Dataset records

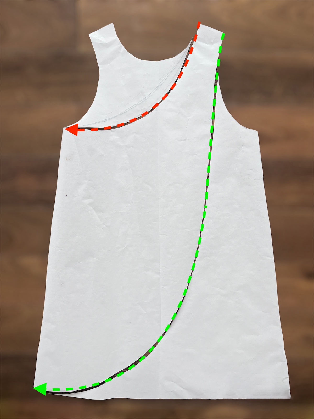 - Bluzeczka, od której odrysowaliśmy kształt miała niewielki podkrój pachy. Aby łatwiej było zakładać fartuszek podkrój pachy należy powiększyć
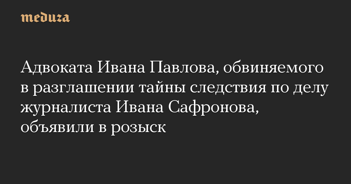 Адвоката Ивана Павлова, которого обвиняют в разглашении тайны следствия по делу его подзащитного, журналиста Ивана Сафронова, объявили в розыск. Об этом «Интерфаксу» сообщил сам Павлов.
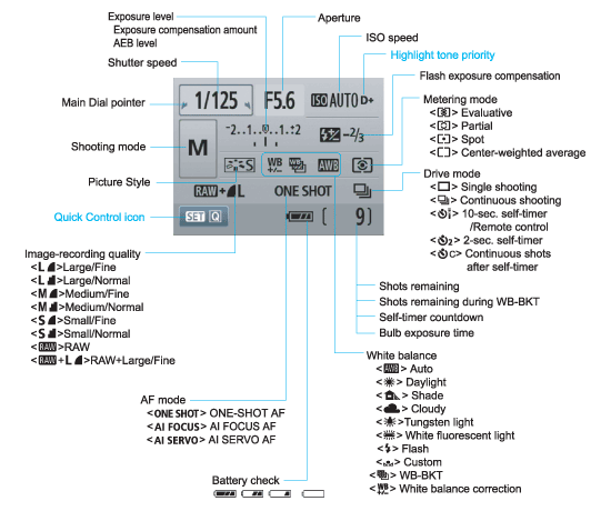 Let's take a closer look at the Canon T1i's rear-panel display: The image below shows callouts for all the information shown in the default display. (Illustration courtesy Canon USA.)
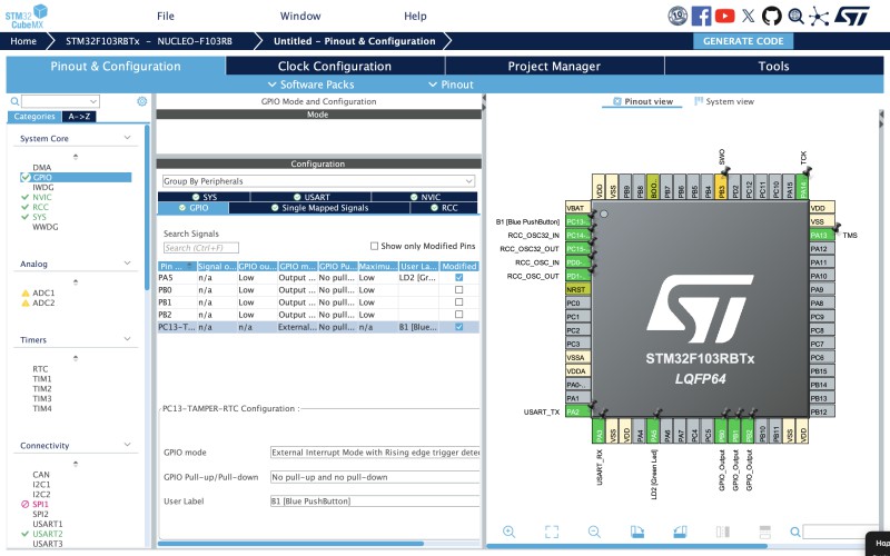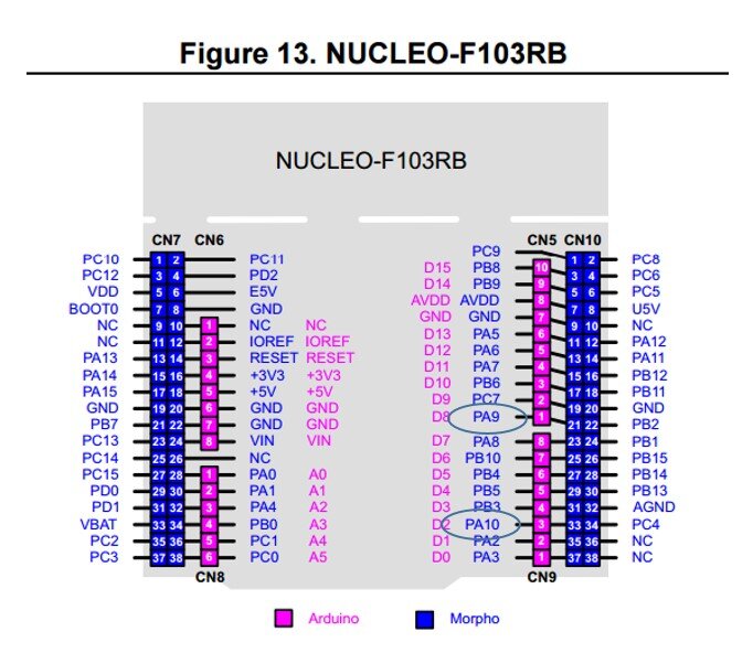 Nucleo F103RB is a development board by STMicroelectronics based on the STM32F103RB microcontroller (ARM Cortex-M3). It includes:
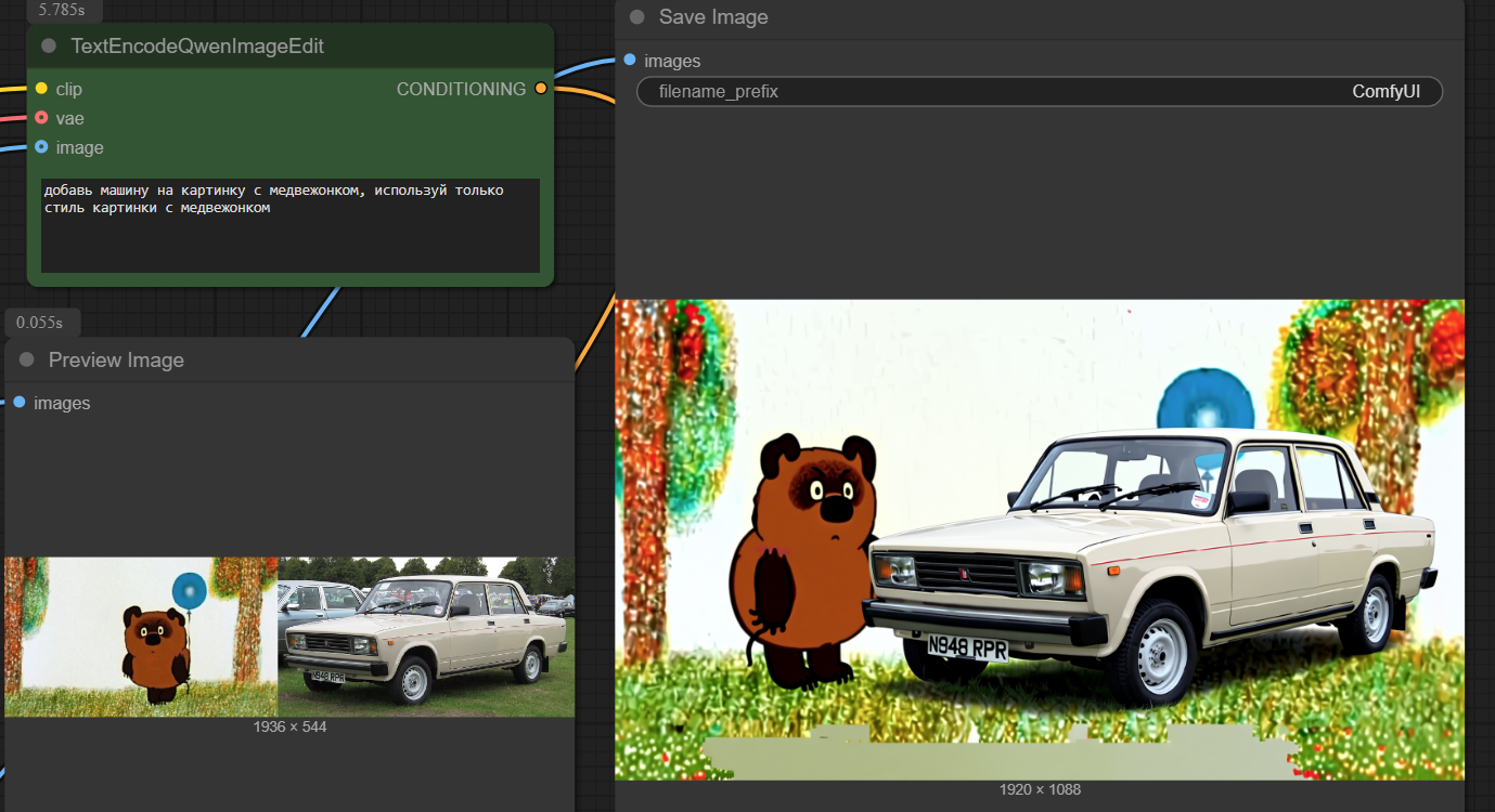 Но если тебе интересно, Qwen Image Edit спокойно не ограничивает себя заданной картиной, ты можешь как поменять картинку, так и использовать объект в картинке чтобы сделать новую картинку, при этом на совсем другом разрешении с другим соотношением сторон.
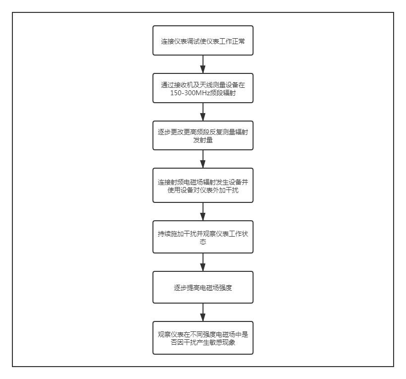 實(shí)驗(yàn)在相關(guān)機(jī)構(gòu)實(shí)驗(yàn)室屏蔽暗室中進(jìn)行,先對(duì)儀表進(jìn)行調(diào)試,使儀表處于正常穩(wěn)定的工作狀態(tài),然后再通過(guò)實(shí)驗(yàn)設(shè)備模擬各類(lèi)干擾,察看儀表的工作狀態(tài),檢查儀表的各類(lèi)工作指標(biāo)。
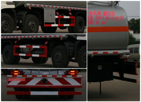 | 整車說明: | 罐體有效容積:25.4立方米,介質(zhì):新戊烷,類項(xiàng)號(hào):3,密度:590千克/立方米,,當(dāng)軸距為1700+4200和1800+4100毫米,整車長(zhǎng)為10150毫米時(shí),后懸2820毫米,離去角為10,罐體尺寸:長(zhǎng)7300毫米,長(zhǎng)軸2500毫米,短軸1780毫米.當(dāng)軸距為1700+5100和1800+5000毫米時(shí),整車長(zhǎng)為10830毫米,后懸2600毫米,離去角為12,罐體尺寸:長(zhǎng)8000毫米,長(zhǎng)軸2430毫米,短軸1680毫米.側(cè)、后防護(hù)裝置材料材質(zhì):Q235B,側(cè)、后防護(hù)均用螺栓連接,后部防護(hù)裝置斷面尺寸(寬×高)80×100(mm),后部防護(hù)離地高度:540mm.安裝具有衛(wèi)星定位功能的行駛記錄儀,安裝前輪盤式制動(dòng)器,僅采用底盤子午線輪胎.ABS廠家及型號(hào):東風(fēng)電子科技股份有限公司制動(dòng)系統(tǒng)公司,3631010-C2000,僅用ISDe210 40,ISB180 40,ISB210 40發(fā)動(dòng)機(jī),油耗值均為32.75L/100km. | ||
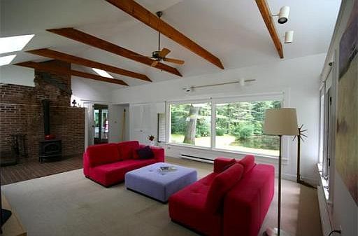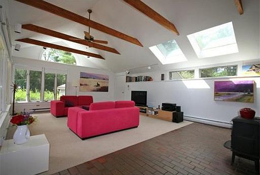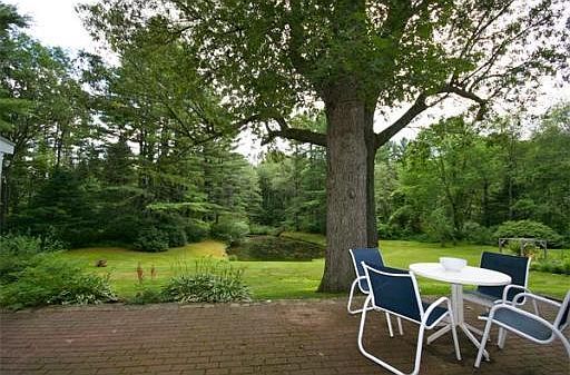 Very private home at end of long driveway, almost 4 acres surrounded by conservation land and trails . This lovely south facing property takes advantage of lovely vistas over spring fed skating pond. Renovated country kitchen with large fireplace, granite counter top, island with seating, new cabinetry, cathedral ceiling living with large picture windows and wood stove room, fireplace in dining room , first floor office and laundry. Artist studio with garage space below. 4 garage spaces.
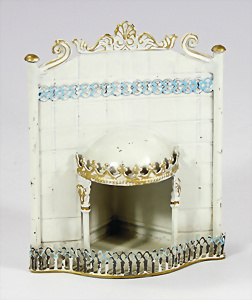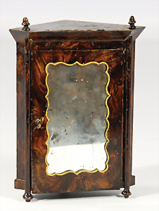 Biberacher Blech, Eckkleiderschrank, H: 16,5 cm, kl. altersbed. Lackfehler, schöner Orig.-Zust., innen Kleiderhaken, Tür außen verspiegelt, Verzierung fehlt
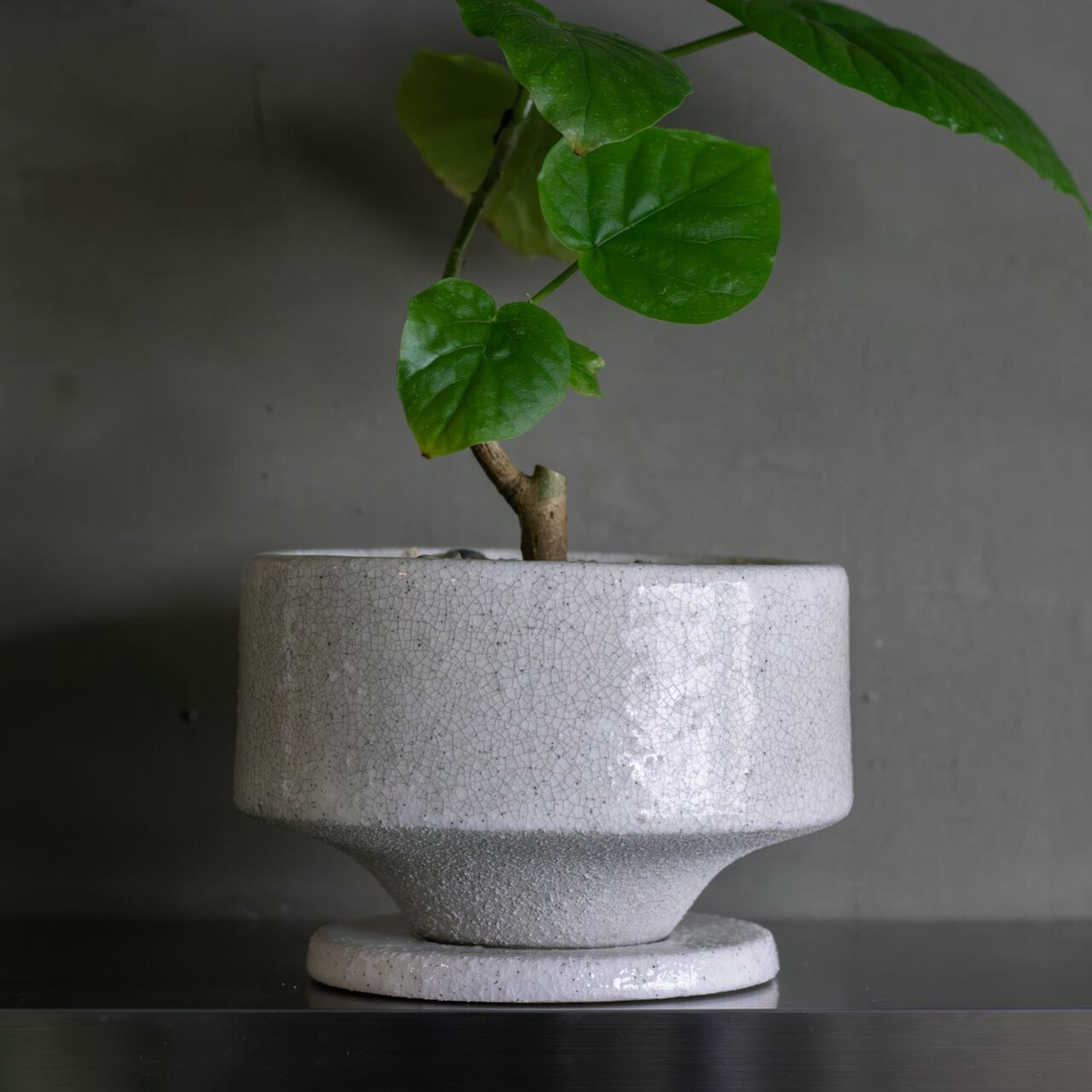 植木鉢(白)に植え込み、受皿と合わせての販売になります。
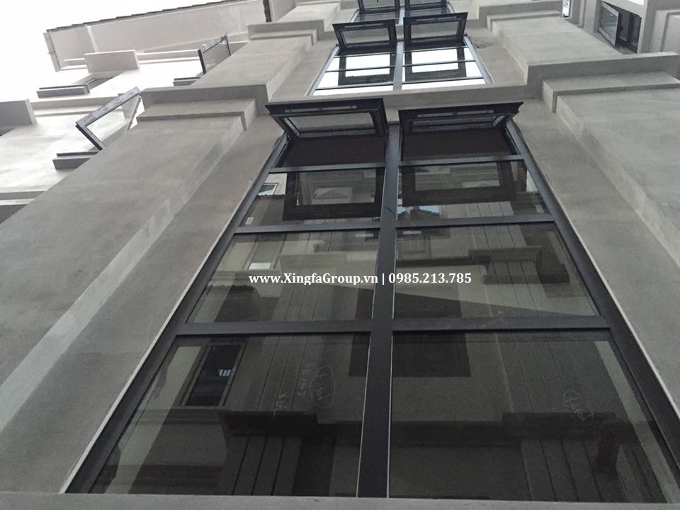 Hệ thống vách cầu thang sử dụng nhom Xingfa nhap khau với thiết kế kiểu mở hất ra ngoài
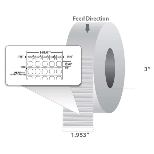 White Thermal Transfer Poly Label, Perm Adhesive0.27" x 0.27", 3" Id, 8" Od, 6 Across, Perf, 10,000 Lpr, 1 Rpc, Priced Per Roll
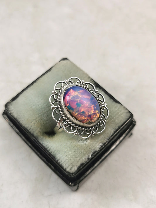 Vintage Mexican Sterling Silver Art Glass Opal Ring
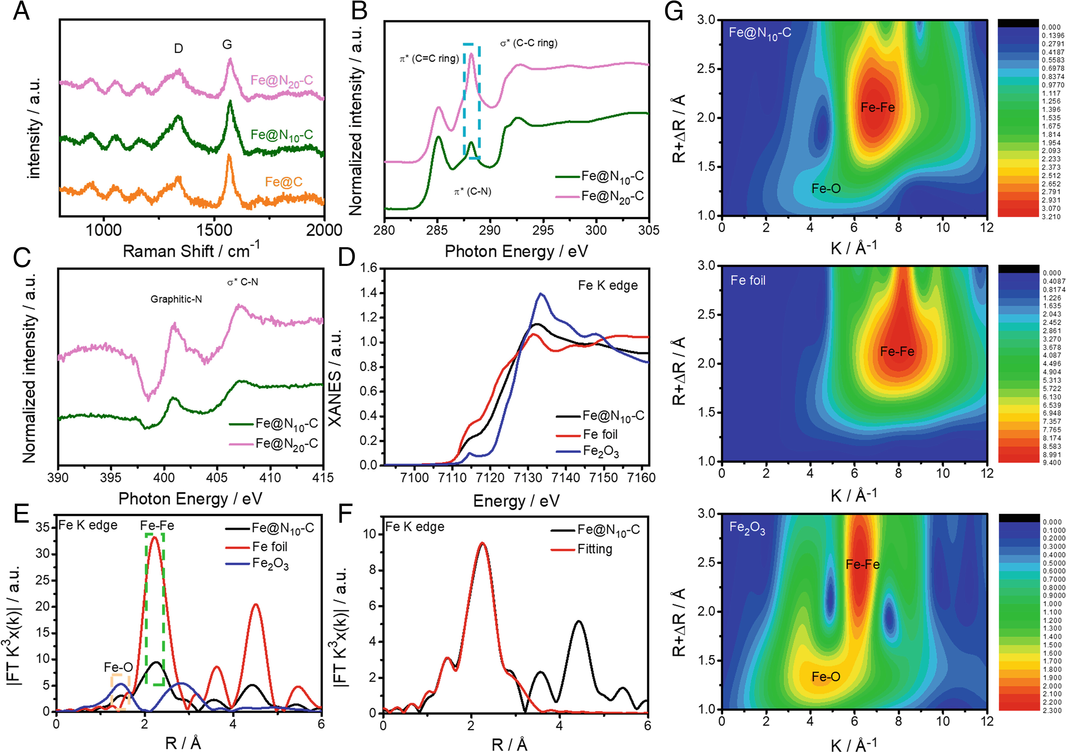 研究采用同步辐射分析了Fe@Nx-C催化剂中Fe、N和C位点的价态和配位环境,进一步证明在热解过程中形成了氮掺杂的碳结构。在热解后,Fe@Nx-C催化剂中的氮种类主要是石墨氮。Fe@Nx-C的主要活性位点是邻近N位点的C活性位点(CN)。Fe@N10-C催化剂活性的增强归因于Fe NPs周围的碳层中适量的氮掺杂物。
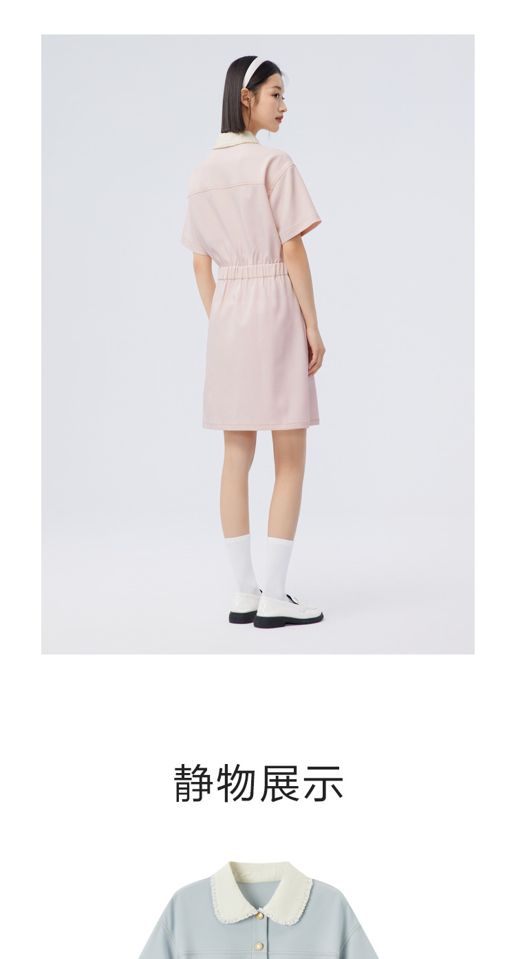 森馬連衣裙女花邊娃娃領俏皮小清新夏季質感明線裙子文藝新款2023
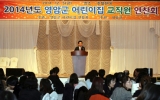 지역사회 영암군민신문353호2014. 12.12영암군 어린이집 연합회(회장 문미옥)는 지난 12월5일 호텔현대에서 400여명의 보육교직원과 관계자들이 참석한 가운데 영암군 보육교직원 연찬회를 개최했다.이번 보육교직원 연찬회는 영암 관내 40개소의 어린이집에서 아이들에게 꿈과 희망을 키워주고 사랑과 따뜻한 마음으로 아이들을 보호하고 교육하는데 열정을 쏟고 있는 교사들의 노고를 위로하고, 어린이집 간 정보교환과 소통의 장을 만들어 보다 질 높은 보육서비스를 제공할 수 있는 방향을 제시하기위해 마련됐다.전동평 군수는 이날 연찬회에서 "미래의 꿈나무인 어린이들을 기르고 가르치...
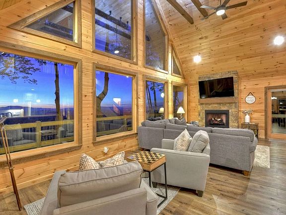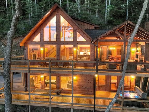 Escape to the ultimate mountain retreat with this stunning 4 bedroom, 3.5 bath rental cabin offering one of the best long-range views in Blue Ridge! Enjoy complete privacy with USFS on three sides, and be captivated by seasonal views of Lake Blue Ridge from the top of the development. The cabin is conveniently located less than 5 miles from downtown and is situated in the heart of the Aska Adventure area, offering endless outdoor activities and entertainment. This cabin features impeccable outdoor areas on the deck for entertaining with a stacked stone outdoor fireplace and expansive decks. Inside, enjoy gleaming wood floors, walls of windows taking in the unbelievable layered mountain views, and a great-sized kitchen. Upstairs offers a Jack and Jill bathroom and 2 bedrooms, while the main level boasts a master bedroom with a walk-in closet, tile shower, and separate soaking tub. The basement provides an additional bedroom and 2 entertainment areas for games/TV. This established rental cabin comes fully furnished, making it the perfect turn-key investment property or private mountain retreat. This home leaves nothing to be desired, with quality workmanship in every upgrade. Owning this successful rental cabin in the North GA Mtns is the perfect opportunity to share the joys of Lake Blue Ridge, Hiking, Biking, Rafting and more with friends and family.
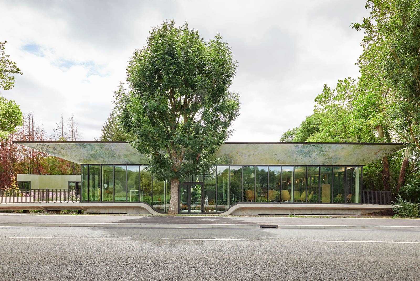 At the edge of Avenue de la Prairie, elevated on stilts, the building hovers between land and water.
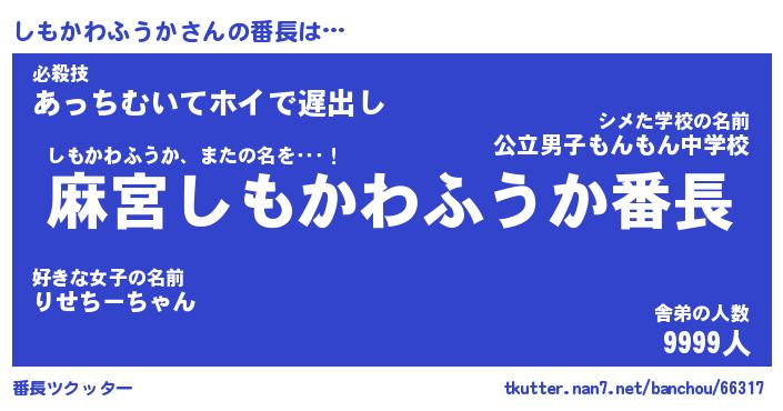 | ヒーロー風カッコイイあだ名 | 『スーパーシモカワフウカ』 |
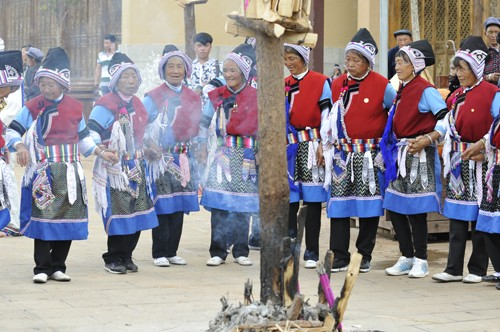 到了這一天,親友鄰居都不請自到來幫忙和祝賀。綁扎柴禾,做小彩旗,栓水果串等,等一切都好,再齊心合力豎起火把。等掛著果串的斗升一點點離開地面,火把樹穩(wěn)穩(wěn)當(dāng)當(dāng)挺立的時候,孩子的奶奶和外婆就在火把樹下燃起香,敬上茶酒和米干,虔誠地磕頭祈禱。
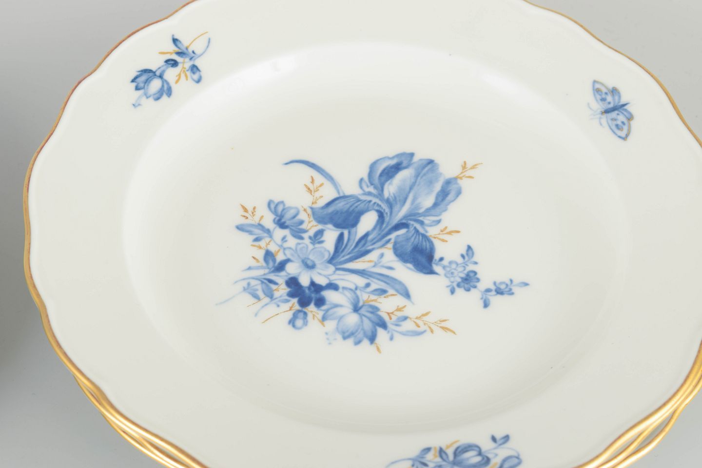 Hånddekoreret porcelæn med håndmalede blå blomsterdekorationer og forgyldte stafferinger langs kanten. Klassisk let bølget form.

### YOUR ASSIGNMENT
Looking above, find the stretch of lines that opens with the one holding "Very private home" and closes with the one holding "Hệ thống vách". Copy it exactly, pictures excluded.

### PROBLEM SOLUTION
 Very private home at end of long driveway, almost 4 acres surrounded by conservation land and trails . This lovely south facing property takes advantage of lovely vistas over spring fed skating pond. Renovated country kitchen with large fireplace, granite counter top, island with seating, new cabinetry, cathedral ceiling living with large picture windows and wood stove room, fireplace in dining room , first floor office and laundry. Artist studio with garage space below. 4 garage spaces.
 Biberacher Blech, Eckkleiderschrank, H: 16,5 cm, kl. altersbed. Lackfehler, schöner Orig.-Zust., innen Kleiderhaken, Tür außen verspiegelt, Verzierung fehlt
 植木鉢(白)に植え込み、受皿と合わせての販売になります。
 Hệ thống vách cầu thang sử dụng nhom Xingfa nhap khau với thiết kế kiểu mở hất ra ngoài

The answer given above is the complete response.